Reletivity question

1. Sep 25, 2008

fredrick08

1. The problem statement, all variables and given/known data
An event has spacetime coordinates (x, t) = (1200 m, 2.0 μs) in reference frame S. What are
the event’s spacetime coordinates
(i) in reference frame S′ that moves in the positive x-direction at 0.8c and
(ii) in reference frame S′′ that moves in the negative x-direction at 0.8c?

2. Relevant equations
x'=$$\gamma$$x-vt
t'=$$\gamma$$t-vx/c^2
gamma=1/root(1-beta^2)
beta=v/c

3. The attempt at a solution
ok this is wat i did since v=0 i did.
x'=$$\gamma$$x=(1200/(1-.8^2))=2000m
t'=$$\gamma$$t=(2x10^-6/(1-.8^2)=3.33$$\mu$$s

x"=x-$$\gamma$$x=1200-x'=-800m
t"=t'=3.33$$\mu$$s

im not sure about wat ive done just having doubts, could someone plz confirm, or help me fix my mistake... thx

Last edited: Sep 25, 2008
2. Sep 25, 2008

fredrick08

anyone have any ideaS?

3. Sep 25, 2008

fredrick08

anyone?

4. Sep 25, 2008

Perillux

most of it looks right, but I think you may have made a mistake when you were solving for x".
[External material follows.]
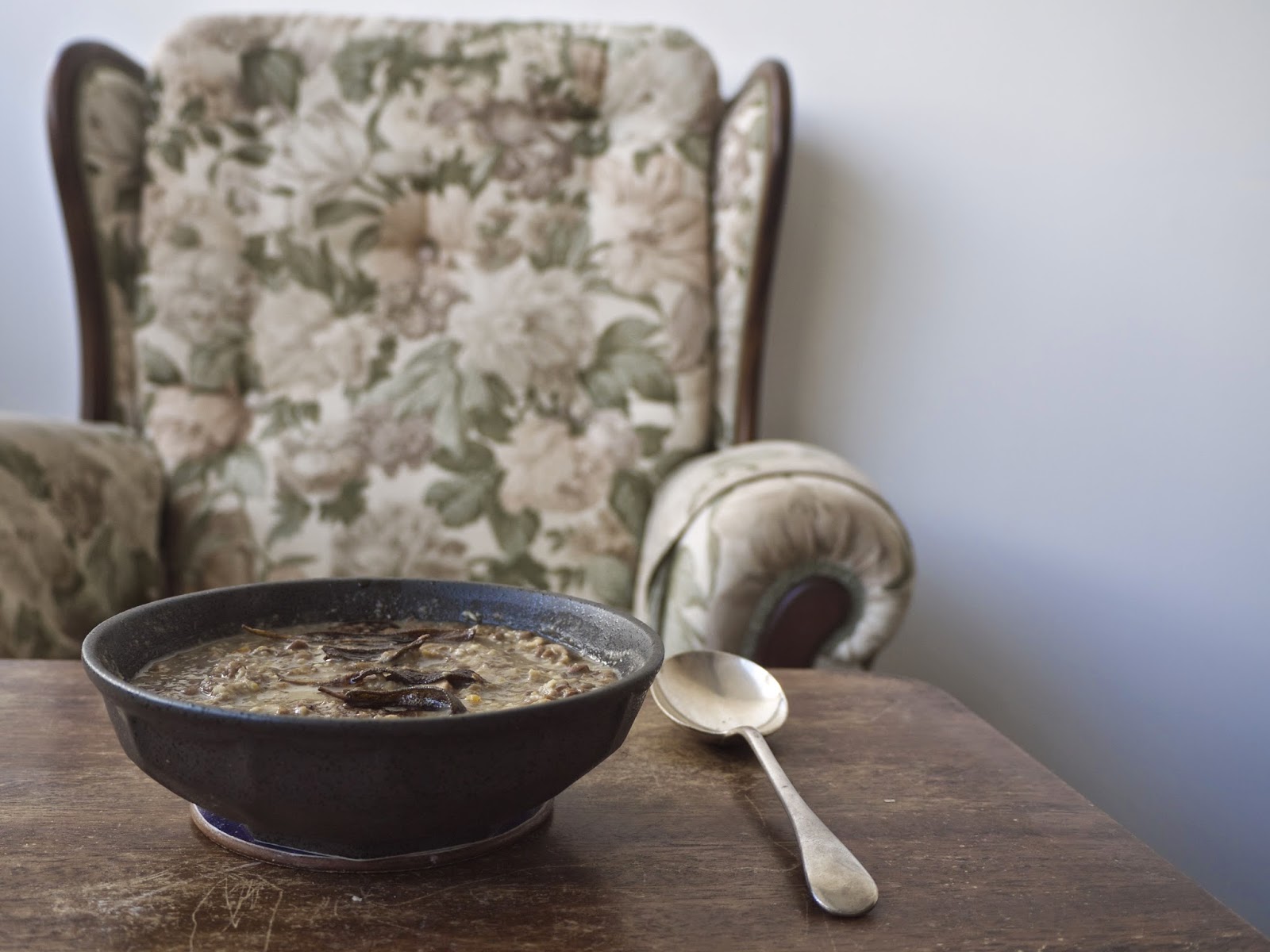 Roughly chop the onion and garlic. Make sure the mushrooms have any dirt brushed off and roughly chop them as well. Heat a tablespoon of olive oil in a large pan and fry all of this over a low heat until the onions and mushrooms are softened. Sprinkle over the flour and stir for a couple of minutes, before raising the heat and tipping in the red wine. Stir till the wine is absorbed into the floury oniony mushrooms, then tip in the walnuts, the nutritional yeast, and the cinnamon and nutmeg. Slowly add water – around 250ml/1 cup – and allow it to come to the boil, stirring continuously till it’s looking a little thick. You’re going to be blending this up so all the ingredients will naturally thicken it, so it doesn’t have to be too reduced down. Remove from the heat and allow to cool slightly before blitzing it carefully in a high speed blender. I tipped it straight back into the pan to reheat it, but by all means strain it if you want it to be super smooth. It may need more water added at this point if it’s too thick, but up to you. Finally add the soy sauce to taste, and serve hot over EVERYTHING.

You also have your basic equations wrong. Check here:

for example it should be
x'=(gamma) (x-vt)
NOT
x'=(gamma)x - vt

5. Sep 25, 2008

gabbagabbahey

For part (i), v=+0.8c while for part (ii) v=-0.8c ...why did you have v=0 before?

6. Sep 25, 2008

fredrick08

ya i know i stuffed that part up... well becasue in my mind v=0 coz the event isnt moving?? and beta=0.8c???

7. Sep 25, 2008

fredrick08

coz if i change it to x'=gamma(x-vt)=(1200-((.8*3x10^8)*2x10^-6))/0.6=1200m????
if thats wat ur ur suggesting gabba.. beat=v/c=>v=beta*c=2.4x10^8m/s?

8. Sep 25, 2008

fredrick08

and t' would equal -2us?

9. Sep 25, 2008

fredrick08

na v has to equal 0... so x'=1200/0.6=2000m
t'=2x10^-6/.6=3.33us
im not 100% sure with x" and t"
but it makes sense to me if x"=x-x'=-800m
and because the direction doesnt effect the time then the time in both reference fromes should be equal.. thus t"=t'=3.33us??

can anymore ppl confirm this??

10. Sep 25, 2008

Staff: Mentor

These parts look OK to me.

Take the same approach for S''. What's the only thing that changes in the Lorentz transformations?

11. Sep 25, 2008

fredrick08

oh ok then ummm the only thing that changes is v??

12. Sep 25, 2008

fredrick08

so x"=x-x'=1200-1200=0m
but does t" still equal t'=2us?

13. Sep 25, 2008

fredrick08

can i ask doc al, y do u think that v= something when the event isnt moving?? coz its the complete opposite of what me and perillux think..

14. Sep 25, 2008

Staff: Mentor

Yes. If for S', v = +.8c, what will v equal in the formulas for S''?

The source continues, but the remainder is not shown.